Find Valid Matrix Given Row and Column Sums

1605. Find Valid Matrix Given Row and Column Sums You are given two arrays rowSum and colSum of non-negative integers where rowSum[i] is the sum of the elements in the ith row and colSum[j] is the sum of the elements of the jth column of a 2D matrix. In other words, you do not know the elements of the matrix, but you do know the sums of each row and column.

Find any matrix of non-negative integers of size rowSum.length x colSum.length that satisfies the rowSum and colSum requirements.

Return a 2D array representing any matrix that fulfills the requirements. It’s guaranteed that at least one matrix that fulfills the requirements exists.

Solution 1

1. Generate the initial matrix which satisfy the rowSum.

2. Move the values forward or backward to fit in the colSum.

def restoreMatrix(self, rowSum, colSum):
    """
    :type rowSum: List[int]
    :type colSum: List[int]
    :rtype: List[List[int]]
    """
    self.R, self.C = len(rowSum), len(colSum)
    self.res =[[0] * self.C for _ in range(self.R)]
    
    for i, row in enumerate(self.res):
        self.res[i][0] = rowSum[i]
    # print(self.res)
    for j, cs in enumerate(colSum):
        currCol = sum([self.res[i][j] for i in range(self.R)])
        # print(currCol, cs)
        if currCol > cs:
            self.moveToAfterwords(j, currCol, cs)
        elif currCol < cs:
            self.getFromAfterwords(j, currCol, cs)
        else:
            continue
        
    return self.res
            
def moveToAfterwords(self, colIdx, currCol, cs):
    for j in range(colIdx+1, self.C):
        for i in range(self.R):
            if self.res[i][colIdx] > 0:
                tmp = min(self.res[i][colIdx], currCol - cs)
                self.res[i][colIdx] -= tmp
                self.res[i][j] += tmp
                currCol -= tmp
                # print(self.res)
                if currCol - cs == 0:
                    return
def getFromAfterwords(self, colIdx, currCol, cs):
    for j in range(colIdx+1, self.C):
        for i in range(self.R):
            if self.res[i][j] > 0:
                tmp = min(self.res[i][j], cs - currCol)
                self.res[i][colIdx] += tmp
                self.res[i][j] -= tmp
                currCol += tmp
                if currCol - cs == 0:
                    return

Solution 2 - Greedy

Reference

1. For each result value at A[i][j], we greedily take the min(row[i], col[j]).

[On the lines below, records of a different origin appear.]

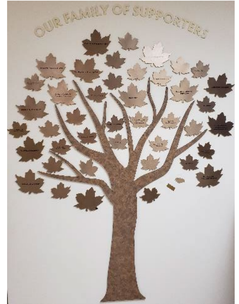
Donor tree at W Kerr Scott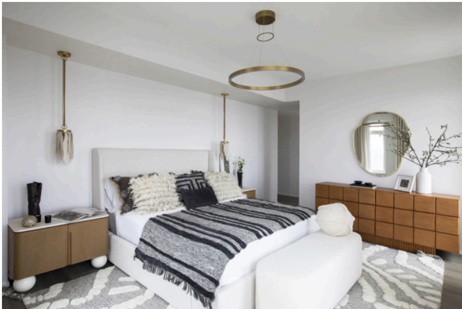
A Woven rug and feather pendants from Lowland Studio.

In the living room, each piece of furniture promises comfort and soothing rest - cream swivel armchairs from Holly Hunt, shaggy poufs with a base of Iroko wood from GARDE Shoppe, and a curve backed sofa that rounds out the inviting space. A cement coffee table from Bieke Casteleyn is noteworthy and elevates the room while the Kravet rug also serves as a conversation starter.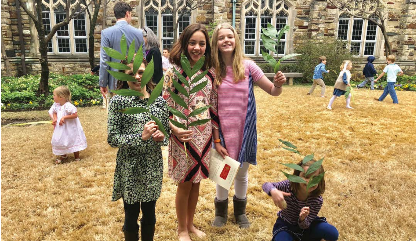
Palm Sunday Idlewood Presbyterian Church.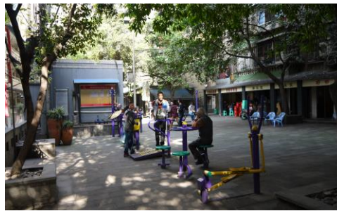
Figure 2: The central square of Dajingxiang after the spatial environmental improvement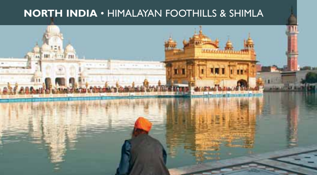
The Golden Temple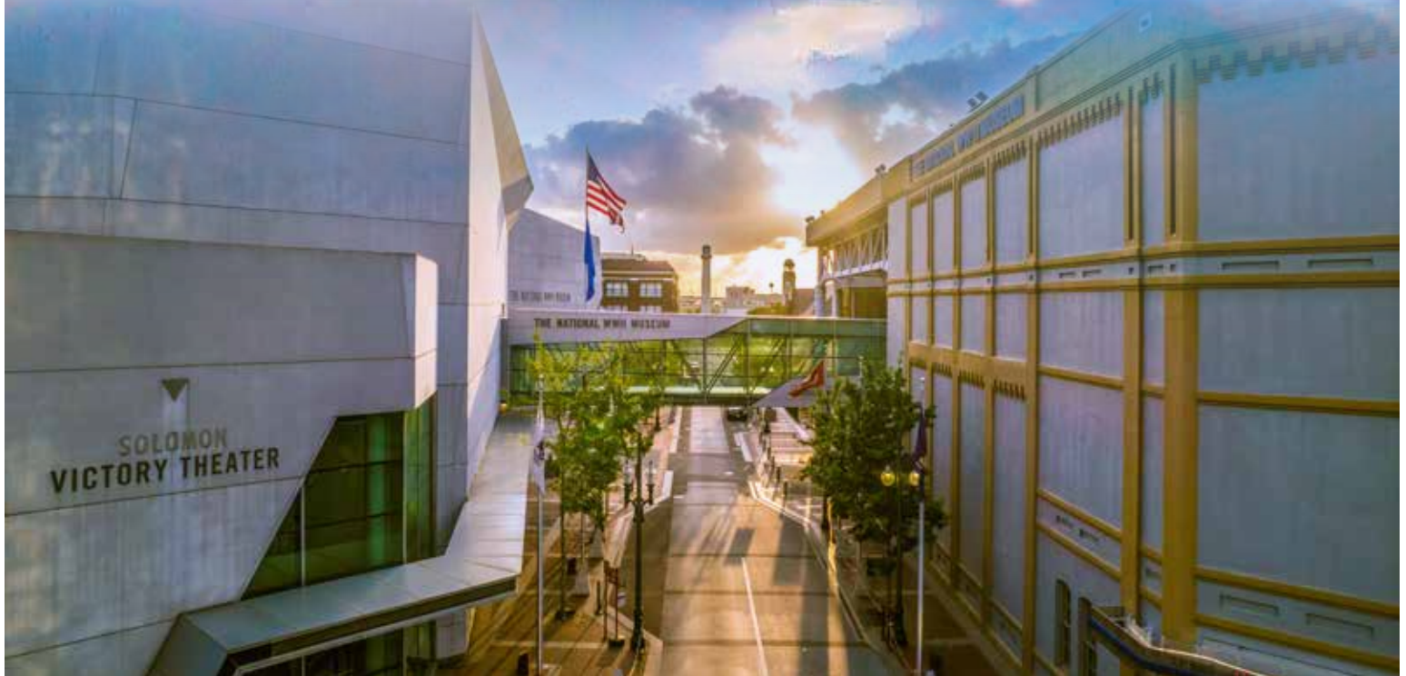
A view of Andrew Higgins Blvd at The National WWII Museum.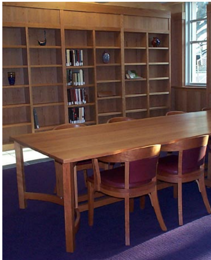
Special Collections Reading Room table and chairs, many of which are still available as naming opportunities.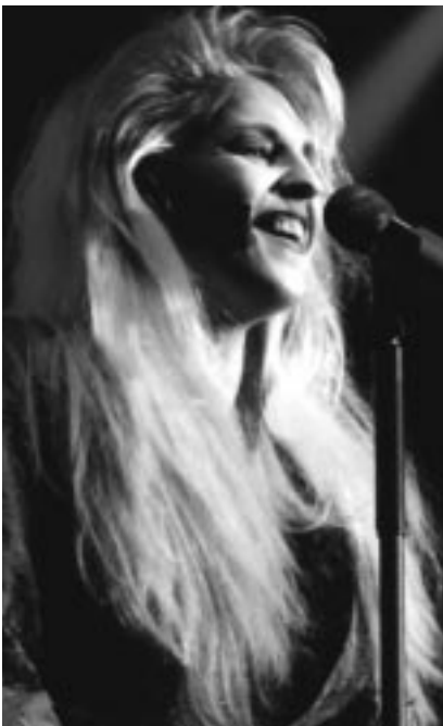
Janet Gardner in 1991 during their European Tour with Deep Purple.

Janet was born on March 17, 1962 in Juneau, Alaska. The voice was perfect for VIXEN and so Jan 'stole' Janet for her band.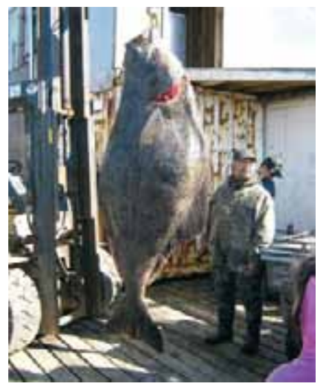
Savoonga fishermen bring these huge halibut in using open skiffs. In 2008 they delivered 23,976 pounds to the Savoonga plant.

Eight fishermen participated in the 2008 winter crab fishery. 12,293 pounds were delivered. The total paid to fishermen was $36,899.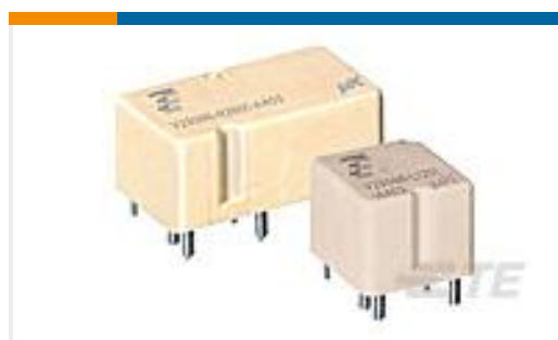
TE Part #1413009-9 V23086C2001A403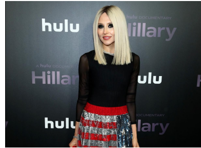
From Business Insider LinkedIn for Creatives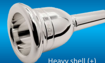
Heavy shell (+)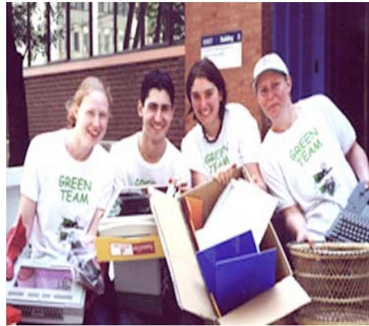
THE GREEN TEAM - RMIT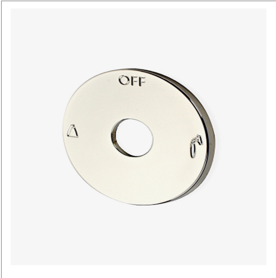
SHOWN IN UNIVERSAL TWO WAY THERMOSTATIC DIVERTER VALVE TRIM (PLATE ONLY)| UNDV01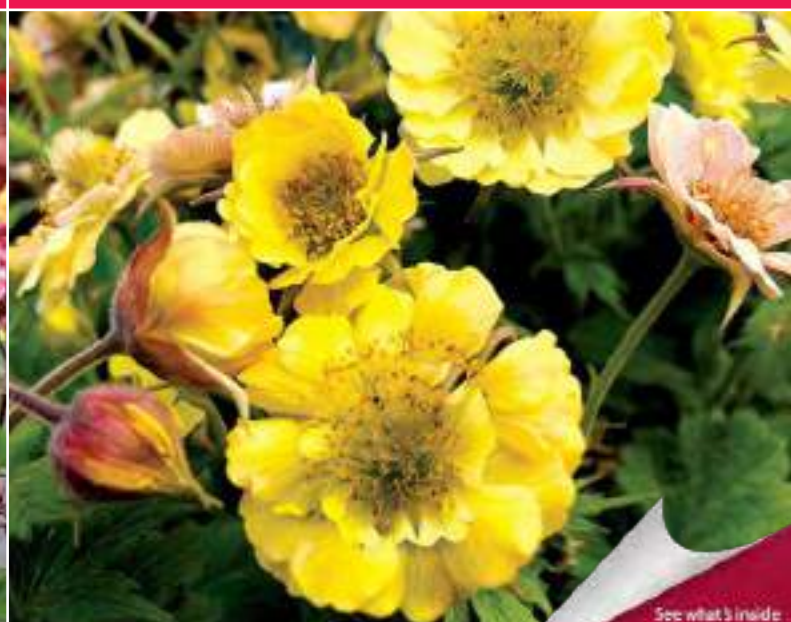
Geum 'Tempo Yellow'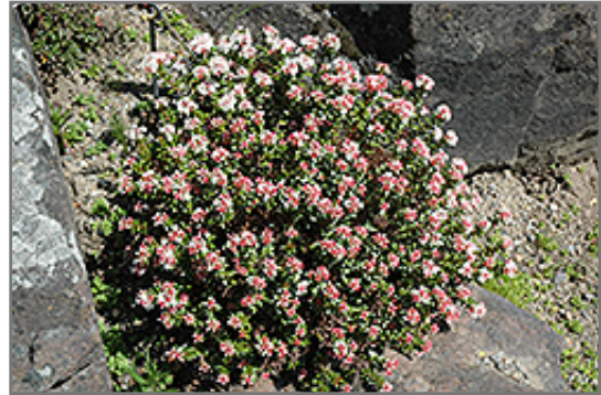
Sand Myrtle in bloom

Sand Myrtle is recommended for the following landscape applications;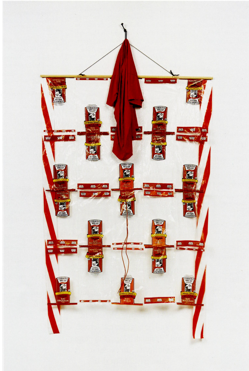
Untitled (bread quilt) , 2012, plastic bread bags, wood, string, thread, T-shirt, shoelace, caution tape, 203 × 114 cm.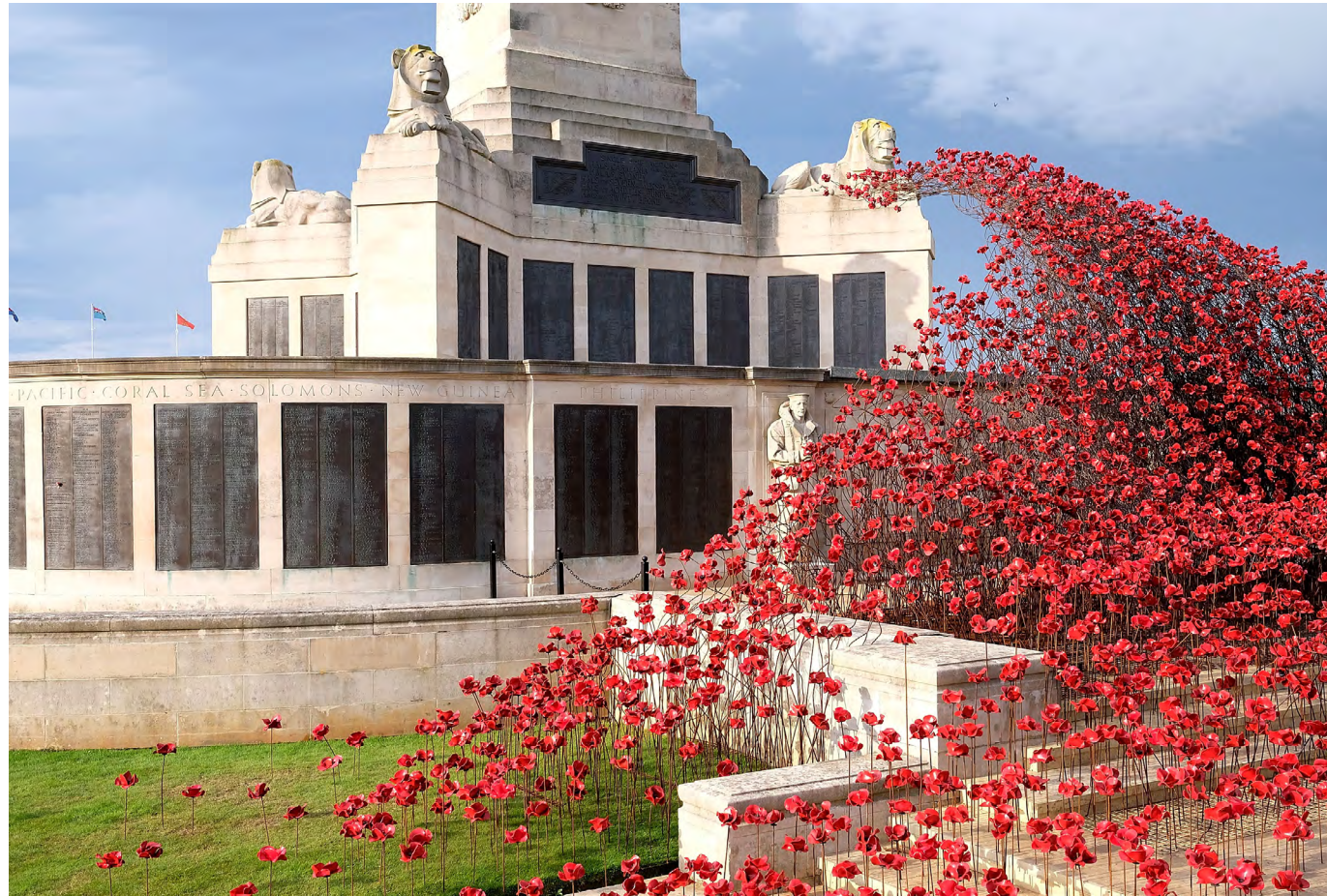
14-18 NOW POPPIES WAVE AT THE CWGC PLYMOUTH NAVAL MEMORIAL, 2017

Today, we are building on that legacy and recognise that volunteers are key, working with our staff, helping us engage a broader section of the public and raising the profile of what our extraordinary organisation stands for.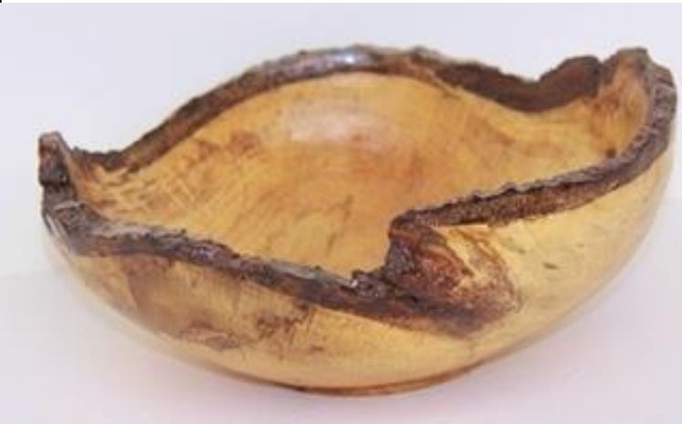
MAURICE CLABAUGH #12405 FREEFORM EDGE SPALTED WHITE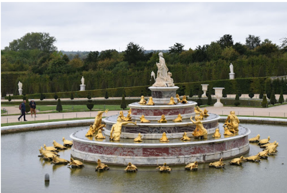
Garden of Versailles

Another must-see place in Paris is the opulent Versailles Palace and its stunning gardens located away from the city. A guided tour of the palace is recommended, as the entire building is replete with artworks and rooms symbolizing French history and the lavish lifestyle of its monarchs.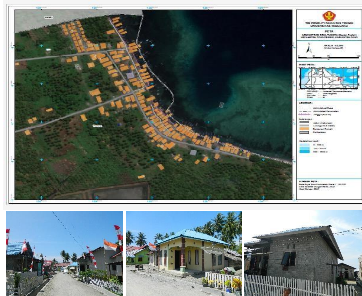
Figure 4 : Adaptation to changes in the residential settlements (Source : google earth, Februari 14, 2023; RPI, 2023, field data, July 2023)

This is done because residential environments are very vulnerable to natural disasters, namely waves, storms, strong winds, rain, which always hit settlements (Katayama R et al., 2000; Wiarto, Giri, 2017; Prayitno, G., etc., 2018; Rahmawati TA. et al., 2018; Mulyati, A., 2020). Residential buildings and environmental facilities use non- wood building materials (blocks, bricks, concrete, zinc, etc.), in the form of non-stilt houses. They no longer live entirely as fishermen who depend on marine products for their living, but open sales businesses, or become civil servants (PNS). Cultural life is maintained as the Bajo tribe always lives in coastal areas, harmoniously, in a family or community.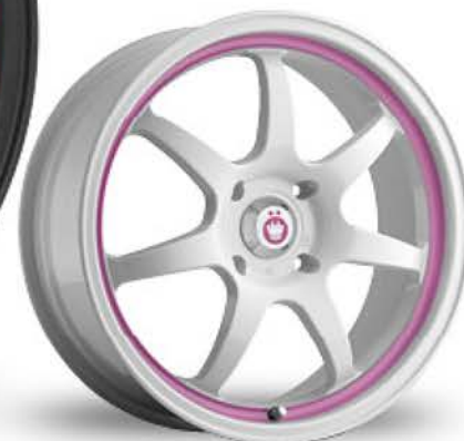
WHITE / PINK STRIPE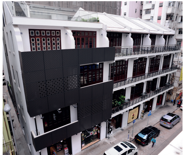
The Mallory Street/Burrows Street project and its awards: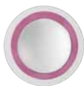
Programming mode (bath only)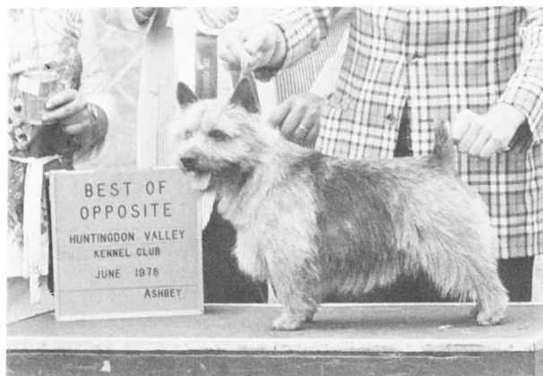
BEST OF OPPOSITE SEX - CH. WINDYHILL CLOWN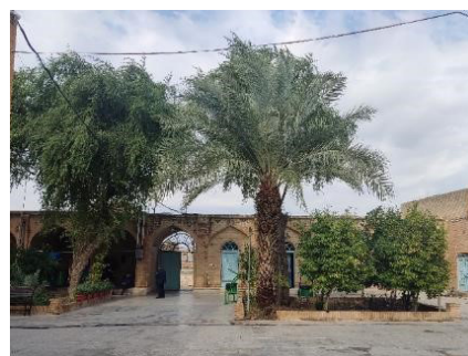
Fig. 2. The Jujube and palms of selected native trees are present from public spaces to home yards.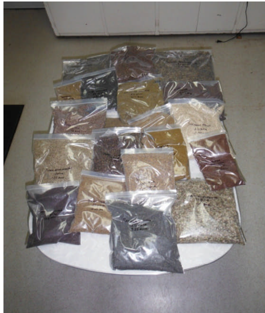
Prairie Forb Seed purchased for the Loy Prairie Project with the Wildlife Preservation Fund Grant

All of the prairie forb seed was freeze and thawed onto the prairie restoration areas on the Loy Prairie during February 2012 by volunteers; this allowed the seed to freeze and thaw into the soil which will allow for germination in the spring of 2012. Many of these prairie forb species that were purchased were specific prairie forb seed and plants that are utilized by insect species of conservation concern and were planted in an effort to establish populations of these species on the Loy Prairie. Twelve Mile Prairie is located along the east boundary of the Loy Prairie restoration, which will provide a source population for plant and animal colonization. Several Illinois species of conservation concern are known from the 12 Mile prairie corridor.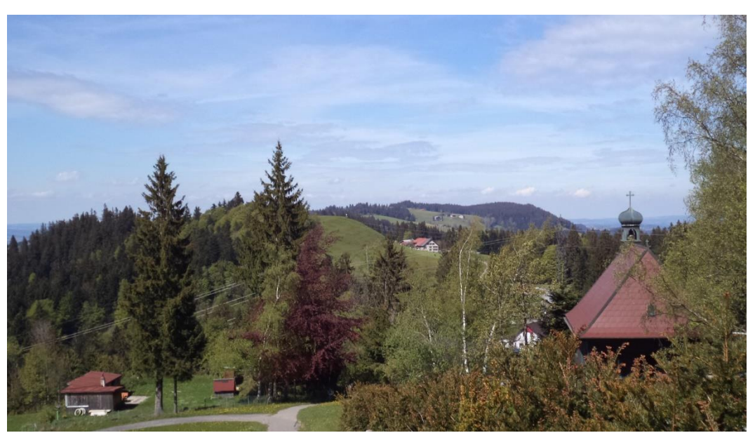
View from the starting point at Pfänder to summit 1, Hochberg (the pasture area on the far distant hill in the background).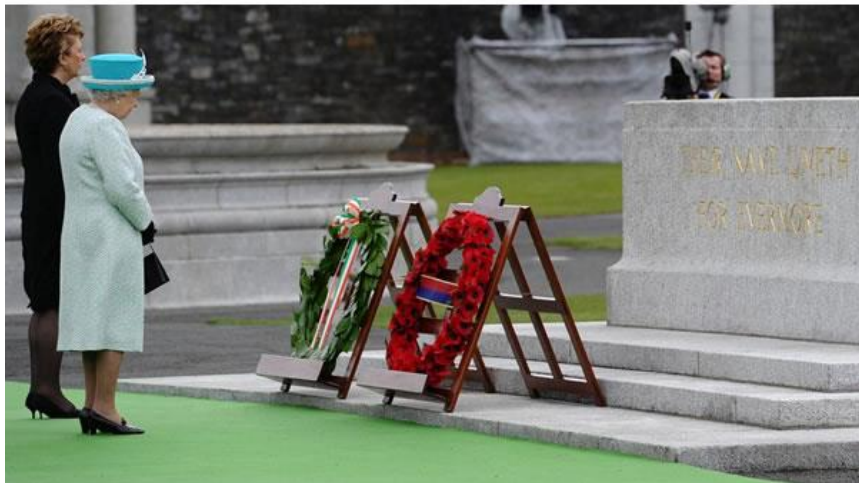
The Queen attends a memorial service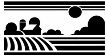
Transitioning Your Family Farm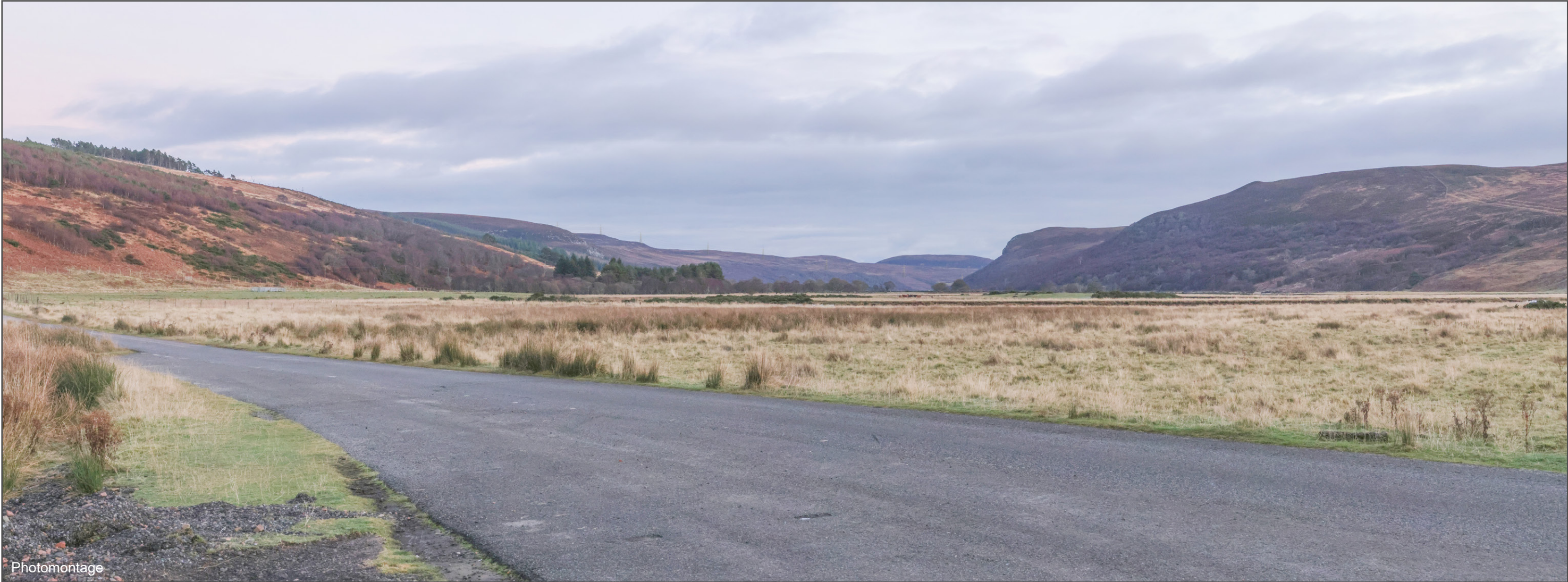
V4b Figure 7- 37b - Viewpoint 37: Balnacoil

Distance to the development: 4150m Camera: Canon EOS R5 Focal Length: 50mm vertical (27°) x 28mm horizontal (65.5°) Camera height: 1.5m Date: 27/11/2024 15:45

2. Then we update the row sum and col sum: row[i] -= A[i][j], col[j] -= A[i][j]

   # Time O(mn)
   # Space O(mn)
   def restoreMatrix(self, row, col):
    m, n = len(row), len(col)
    A = [[0] * n for i in xrange(m)]
    for i in xrange(m):
        for j in xrange(n):
            A[i][j] = min(row[i], col[j])
            row[i] -= A[i][j]
            col[j] -= A[i][j]
    return A
   

   # Time O(mn) for initializing output
   # Time O(m + n) for process
   # Space O(mn)
   public int[][] restoreMatrix(int[] row, int[] col) {
    int m = row.length, n = col.length, i = 0, j = 0, a;
    int[][] A = new int[m][n];
    while (i < m && j < n) {
        a = A[i][j] = Math.min(row[i], col[j]);
        if ((row[i] -= a) == 0) ++i;
        if ((col[j] -= a) == 0) ++j;
    }
    return A;
   }